Start of COLLECTED MATERIAL

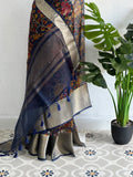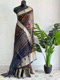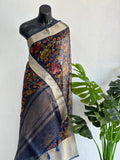 Kalamkari printed pure organza saree comes with antique Kanjeevaram zari border, with tassels on pallu, with plain blouse pc
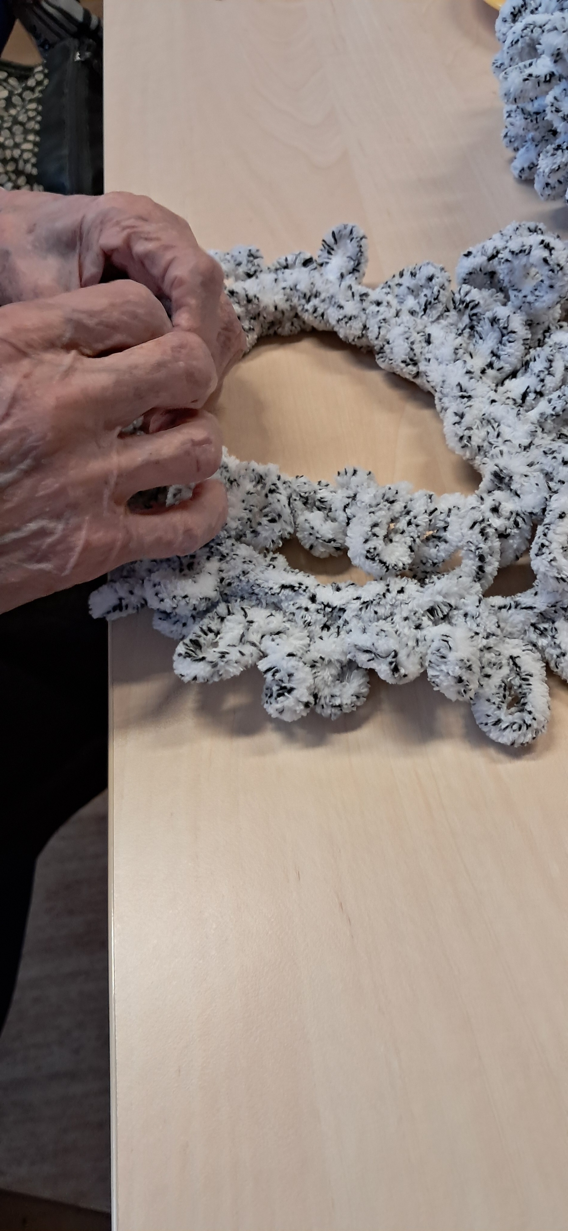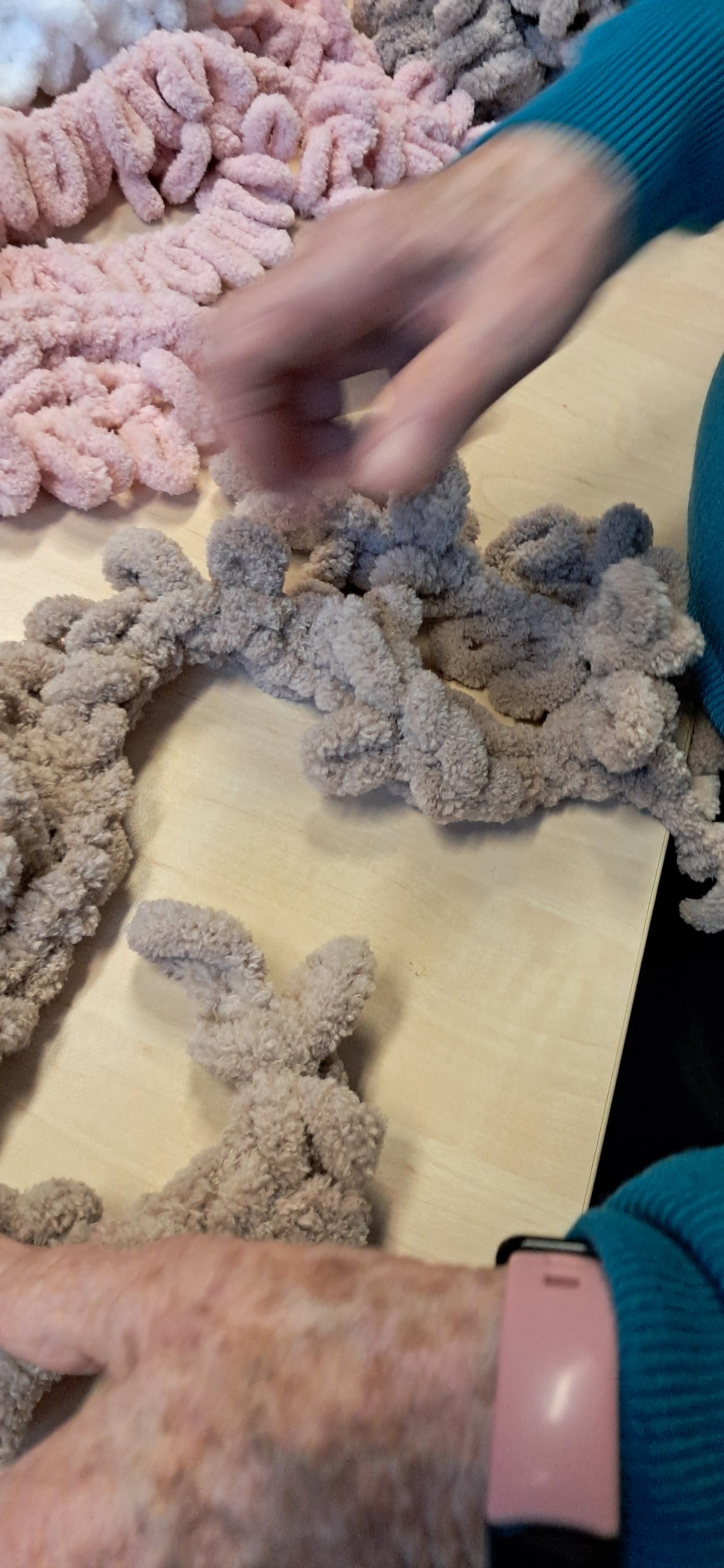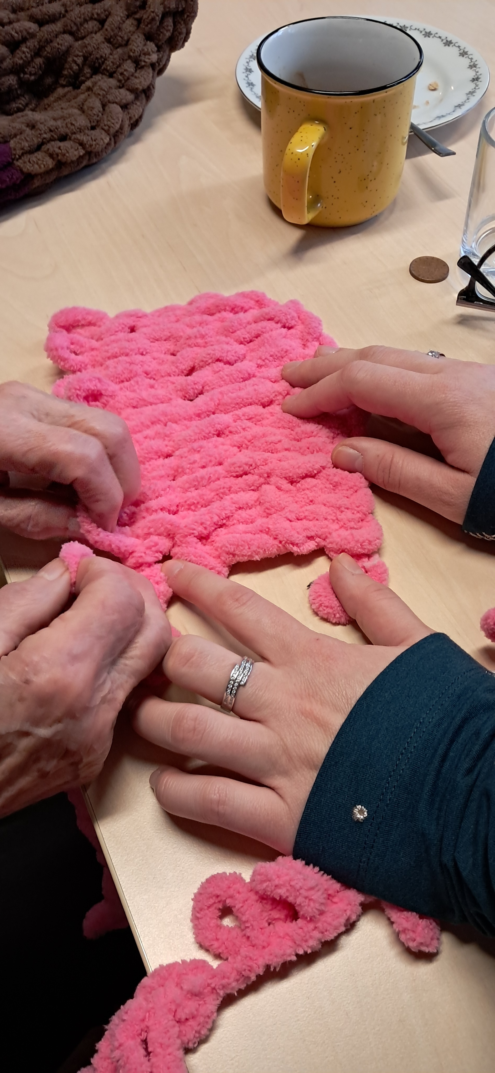Naše členky s radostí přijdou, vyberou barvu a splétají. Jedna chtěla šálu pro vnučku. Jedna něco jako psí obleček, jiná čepici, nebo tašku.
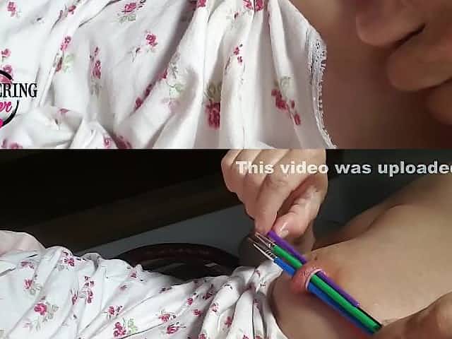 Nippleringlover Horny Milf Inserting Multiple Sticks In Extreme Stretched Nipple Piercing
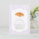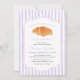 Celebre sua doce menina com este charmoso convite de chá de fraldas "A Little Croissant is on Her Way" em uma lavanda roxa suave. Este design apresenta um croissant de aquarela pintada à mão, um roteiro elegante, e listras púrpuras pastéis para uma sensação aconchegante e inspirada em parisiense. Uma escolha encantadora para uma padaria, um brunch ou um chá de fraldas de temas franceses. Personalize com seus detalhes de evento para uma celebração memorável e na moda.

End of COLLECTED MATERIAL

## WHAT IS BEING ASKED
In the listing above, find the line containing "Naše členky s" and the line containing "Nippleringlover Horny Milf", then output those two lines and everything between them exactly as written, without the images.

## ANSWER
Naše členky s radostí přijdou, vyberou barvu a splétají. Jedna chtěla šálu pro vnučku. Jedna něco jako psí obleček, jiná čepici, nebo tašku.
 Nippleringlover Horny Milf Inserting Multiple Sticks In Extreme Stretched Nipple Piercing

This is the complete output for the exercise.